UKIP’s message had helped peel away socially conservative Labour voters with a message that was as offensive as it was effective.

Despite one of the most fevered campaigns in living memory, it is easy to forget there was little public support for a referendum in the first place.

Voters never listed an EU referendum as a priority and it was only ever a favoured subject of pub bores and cranks.

But David Cameron, captive to the Tory Right and wary of UKIP’s rise, suicidally made it a manifesto commitment to appease restless colleagues.

Europe had brought down Thatcher, tormented John Major and acted as a nuisance to his successors. The Prime Minister wanted closure, but in the end he signed his own political death warrant.

However, senior campaign sources on the Leave side have told the Sunday Herald that the victory came in spite of divisions on strategy and tactics.

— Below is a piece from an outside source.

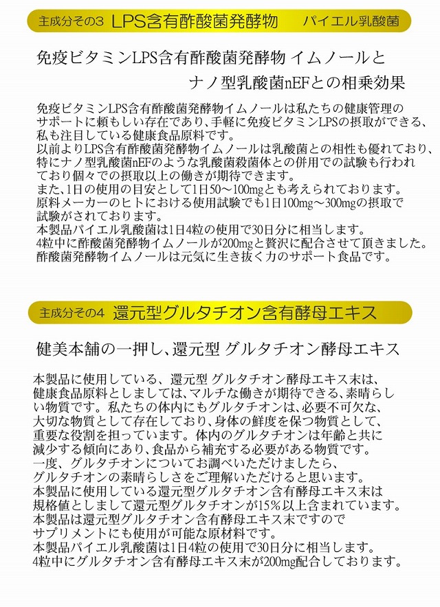 乳酸菌は億から兆へ 免健 整プラス免の時代へ 1日に1兆200億個以上の乳酸菌を食す、約30日間 1パックに乳酸菌が30兆6000億個以上 ナノ型乳酸菌+還元発酵乳酸菌+酢酸菌発酵物+酵母エキス 還元型グルタチオン含有酵母エキス配合 乳酸菌複合食品 免健 パイエル乳酸菌 健美本舗の"免健 パイエル乳酸菌"は乳酸菌をテーマとした魅力ある乳酸菌複合食品に仕上げさせて頂きました。先ずは乳酸菌健康食品の要となるのが乳酸菌ですがエンテロコッカスフェカリス菌KH2株(ナノ型乳酸菌nEF)を1日1兆個で約30日を配合しました。 次に本品のレベルアップを考え還元発酵乳酸菌を配合しました。還元発酵乳酸菌とは乳酸菌+乳酸菌発酵エキス+抗菌ペプチドを含有する素晴らしい発酵乳酸菌原料です。 次は乳酸菌との相性抜群のLPS含有酪酸菌抽出物の配合です。 酢酸菌発酵物と乳酸菌との相乗効果が期待できるデータも存在しており、免疫ビタミンLPSも含有されております。 最後に健美本舗が基礎健康食品と考える、天然グルタチオン含有酵母エキスの配合です。これらの4つの魅力ある健康素材を理想的な配合量で仕上げた4本柱の乳酸菌複合食品です。 自画自賛ですみません!! これ絶対に凄い乳酸菌サプリ誕生です 免健 パイエル乳酸菌の製造時配合量(4粒中) ■ナノ型乳酸菌nEFパウダー 200mg ※ナノ型エンテロコッカスフェカリス菌 1兆個以上 ■還元発酵乳酸菌 200mg ※乳酸菌+乳酸菌発酵エキス+抗菌ペプチド含有 ■LPS含有酢酸菌発酵物 200mg ※酢酸菌として200億個 ■グルタチオン含有酵母エキス 200mg ※還元型グルタチオンとして30mg以上 単品としても成立する4種の配合量を確認してください。 4粒中にしっかりと配合されていただきました。 1日4粒のお召し上がりで約30日しっかりサポート 主成分その1 ナノ型乳酸菌nEF 乳酸菌は億から兆の時代へ…1日に1兆個のナノ型乳酸菌が30日続く パイエル乳酸菌で重要な役割を担っているナノ型乳酸菌nEFです。 ナノ型乳酸菌nEFは吸収性に優れたヒト由来の乳酸菌です。 ナノ型乳酸菌nEFは人由来 エンテロコッカス・フェカリス菌を特許製法によりナノ化された乳酸菌で1gに5兆個以上の菌数の乳酸菌原料です。1日200mgの摂取で1兆個の乳酸菌の摂取が可能です。 ナノ型乳酸菌nEFの特徴は乳酸菌を培養し加熱殺菌行い乳酸菌を粉体化させ濃縮した高濃度乳酸菌粉末ができます。ただ、凝縮した粉末では大量の菌数の摂取が可能ですが菌体同士の塊ができ水に溶かしても菌体が分散することなく塊が存在することになります。 ナノ型乳酸菌nEFは特許製法により粒子の直径が1ミクロン未満のサイズの乳酸菌で水に溶かすと菌体が1つ1つ分散しているいます。ナノ型乳酸菌は菌体が1つ1つ分散された直径1ミクロン未満の乳酸菌なので吸収性に優れているのです。 「えっ!乳酸菌って吸収されていいの?」と思われるユーザー様も少なくないと思われますが、死菌体であるナノ型乳酸菌nEFは、体内へ吸収されていいのです。吸収されることで健康食品としての私たちの元気に生き抜く力をサポートしてくれるのです。 主成分その2 還元発酵乳酸菌 還元発酵乳酸菌とは発酵乳酸菌エキスの進化系 還元発酵乳酸菌=乳酸菌+乳酸菌発酵エキス+抗菌ペプチド+梅エキス 還元発酵乳酸菌とは乳酸菌発酵エキスの働きを最大限に生かした発酵乳酸菌原料です。乳酸菌発酵エキスはハイクラスの健康食品原料として知られています。 還元発酵乳酸菌は12種乳酸菌の複合培養時に水素・海洋深層水を最適な濃度でブレンドし熟成発酵させたところに梅エキスを添加し生成した乳酸菌食品です。 メーカーより摂取目安として1日100mgを1〜3回との情報を頂いており、還元発酵乳酸菌の配合量は1日4粒中に200mg配合させて頂きました。 還元発酵乳酸菌は単なる乳酸菌とは異なる素晴らしい食性を持っておりますので、ご興味をお持ちになられましたら、還元発酵乳酸菌でネット検索をお願いします。 主成分その3 LPS含有酢酸菌発酵物 免疫ビタミンLPS含有酢酸菌発酵物イムノールはナノ型乳酸菌nEFとの相乗効果 免疫ビタミンLPS含有酢酸菌発酵物イムノールは私たちの健康管理のサポートに頼もしい存在であり、手軽に免疫ビタミンLPSの摂取ができる、私も注目している健康食品原料です。 以前よりLPS含有酢酸菌発酵物イムノールは乳酸菌との相性も優れており、特にナノ型乳酸菌nEFのような乳酸菌殺菌体との併用での試験も行われており個々での摂取以上の働きが期待できます。 また、1日の使用の目安として1日50〜100mgとも考えられております。 原料メーカーのヒトにおける使用試験でも1日100mg〜300mgの摂取で試験がされております。 本製品パイエル乳酸菌は1日4粒の使用で30日分に相当します。 4粒中に酢酸菌発酵物イムノールが200mgと贅沢に配合させて頂きました。 酢酸菌発酵物イムノールは元気に生き抜く力のサポート食品です。 主成分その4 還元型グルタチオン含有酵母エキス 健美本舗の一押し、還元型 グルタチオン酵母エキス 本製品に使用している

A permanent handicap during the campaign was the presence of two competing anti-EU groups whose members had contempt for each other.

Vote Leave, the official campaign body, gave the impression of being cross-party, but was essentially an organisation run by Thatcherite Tories whose opposition to the EU was ideological and long-standing.

Dominic Cummings, a former special adviser to Michael Gove, was the group’s campaign director and has been described by former Liberal Democrat Minister David Laws as “a grade-A political Rottweiler”.

The chief executive of Vote Leave, Matthew Elliott, was also from the radical Right and the brains behind the Taxpayers Alliance, a group committed to deep cuts to spending and tax.

The Tory MPs they had on tap – Priti Patel, Chris Grayling, Michael Gove – were all, to varying degrees, similarly-minded. They preferred talking about economics and sovereignty to discussions on foreigners.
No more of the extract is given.